#### Aim of the task
When the listing below reaches the line that has "O logotipo do", start reproducing exactly; stop after the line that has "Моцарелла, сулугуни, томатная", and drop the pictures.

#### Provided material
+-------+
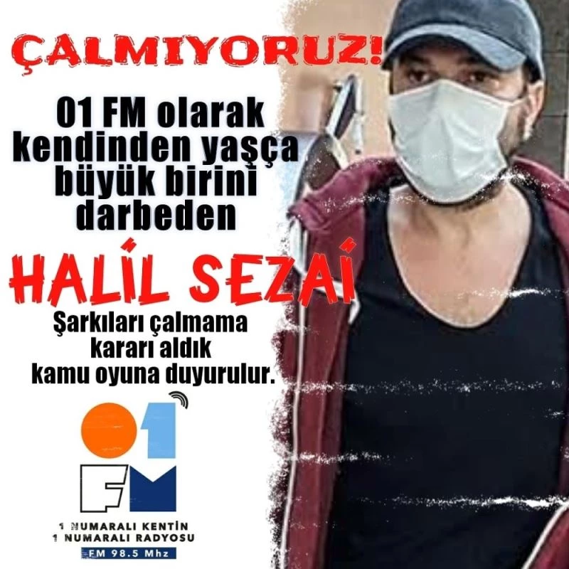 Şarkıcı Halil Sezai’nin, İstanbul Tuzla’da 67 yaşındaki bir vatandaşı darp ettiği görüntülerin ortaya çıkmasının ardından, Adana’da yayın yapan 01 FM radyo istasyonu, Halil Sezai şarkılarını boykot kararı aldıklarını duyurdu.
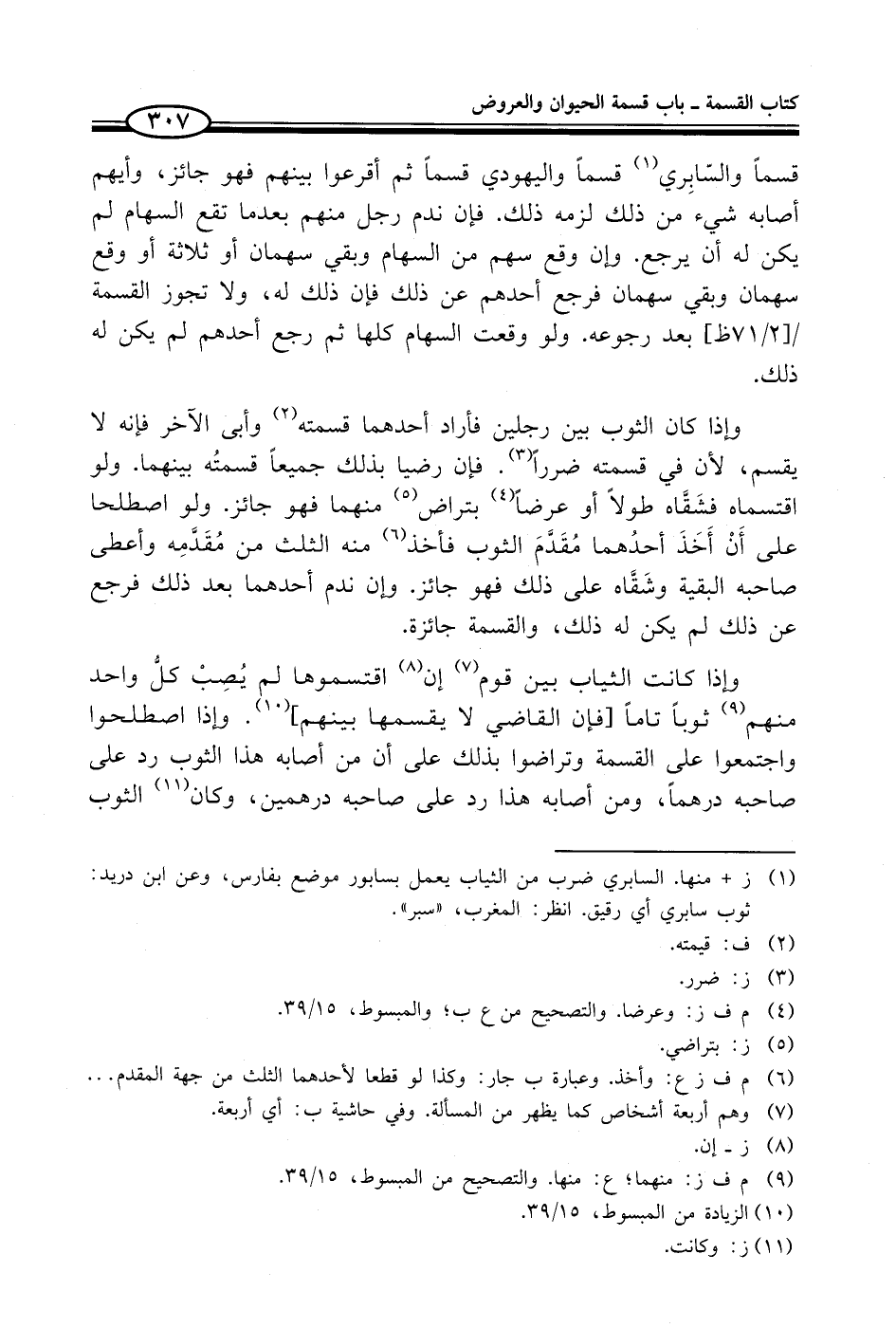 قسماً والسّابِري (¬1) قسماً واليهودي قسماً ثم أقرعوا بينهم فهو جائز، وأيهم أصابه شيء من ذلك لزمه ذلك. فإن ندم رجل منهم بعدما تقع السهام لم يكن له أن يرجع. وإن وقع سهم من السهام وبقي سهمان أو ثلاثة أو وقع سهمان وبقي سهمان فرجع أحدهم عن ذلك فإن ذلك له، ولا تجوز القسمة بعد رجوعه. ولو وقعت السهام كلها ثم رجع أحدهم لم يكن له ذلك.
+-------+
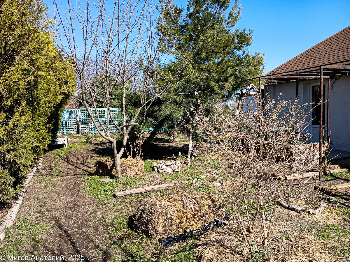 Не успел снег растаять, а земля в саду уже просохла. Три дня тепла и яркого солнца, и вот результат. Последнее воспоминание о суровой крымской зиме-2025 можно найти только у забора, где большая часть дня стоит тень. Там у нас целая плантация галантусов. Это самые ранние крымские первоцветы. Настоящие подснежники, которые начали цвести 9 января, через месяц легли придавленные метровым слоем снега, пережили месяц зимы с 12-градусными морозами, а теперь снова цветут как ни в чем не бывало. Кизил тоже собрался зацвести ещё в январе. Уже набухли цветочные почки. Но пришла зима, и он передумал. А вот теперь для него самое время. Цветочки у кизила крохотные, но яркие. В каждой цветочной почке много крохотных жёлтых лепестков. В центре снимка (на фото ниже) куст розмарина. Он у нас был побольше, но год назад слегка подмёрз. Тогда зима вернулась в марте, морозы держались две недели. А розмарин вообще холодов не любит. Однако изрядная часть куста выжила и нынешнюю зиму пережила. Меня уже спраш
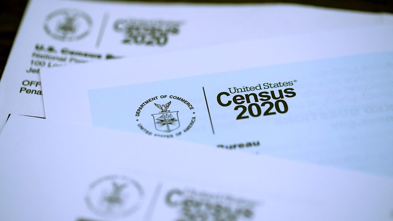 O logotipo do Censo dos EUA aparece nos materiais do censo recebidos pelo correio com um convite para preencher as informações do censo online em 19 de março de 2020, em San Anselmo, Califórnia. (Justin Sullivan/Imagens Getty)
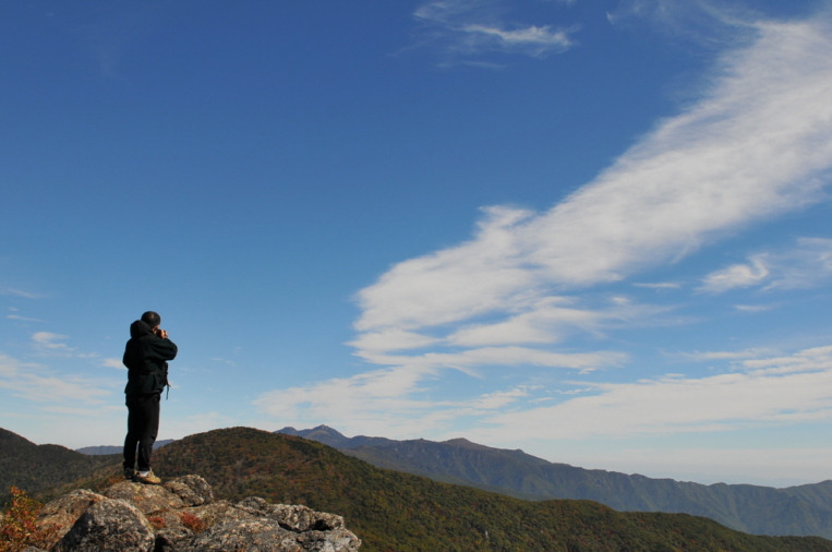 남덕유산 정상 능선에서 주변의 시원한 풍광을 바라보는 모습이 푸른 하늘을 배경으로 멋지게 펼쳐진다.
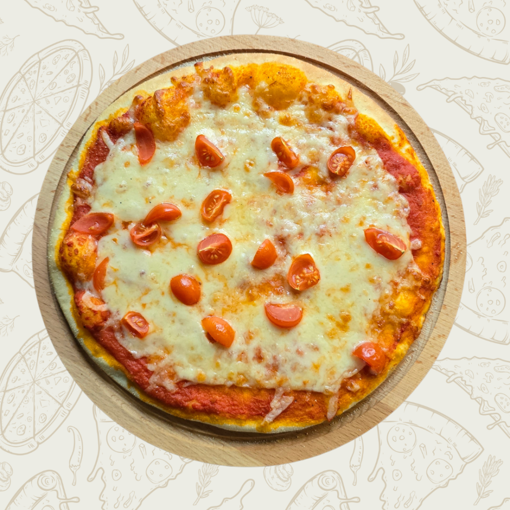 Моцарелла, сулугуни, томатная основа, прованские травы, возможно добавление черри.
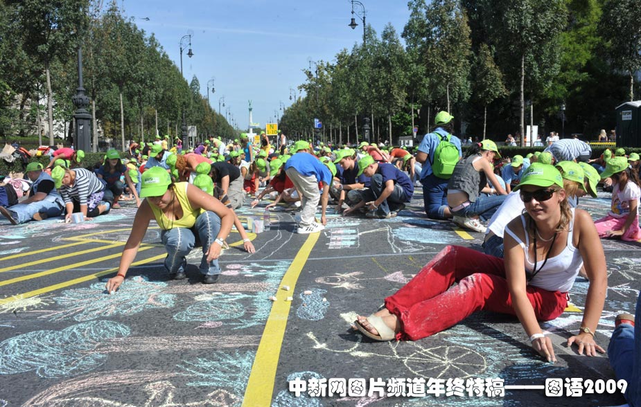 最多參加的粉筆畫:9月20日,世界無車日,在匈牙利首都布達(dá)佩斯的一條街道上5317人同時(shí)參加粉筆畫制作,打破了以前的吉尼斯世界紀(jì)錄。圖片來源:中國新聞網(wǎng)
+-------+
#### Finished exercise
 O logotipo do Censo dos EUA aparece nos materiais do censo recebidos pelo correio com um convite para preencher as informações do censo online em 19 de março de 2020, em San Anselmo, Califórnia. (Justin Sullivan/Imagens Getty)
 남덕유산 정상 능선에서 주변의 시원한 풍광을 바라보는 모습이 푸른 하늘을 배경으로 멋지게 펼쳐진다.
 Моцарелла, сулугуни, томатная основа, прованские травы, возможно добавление черри.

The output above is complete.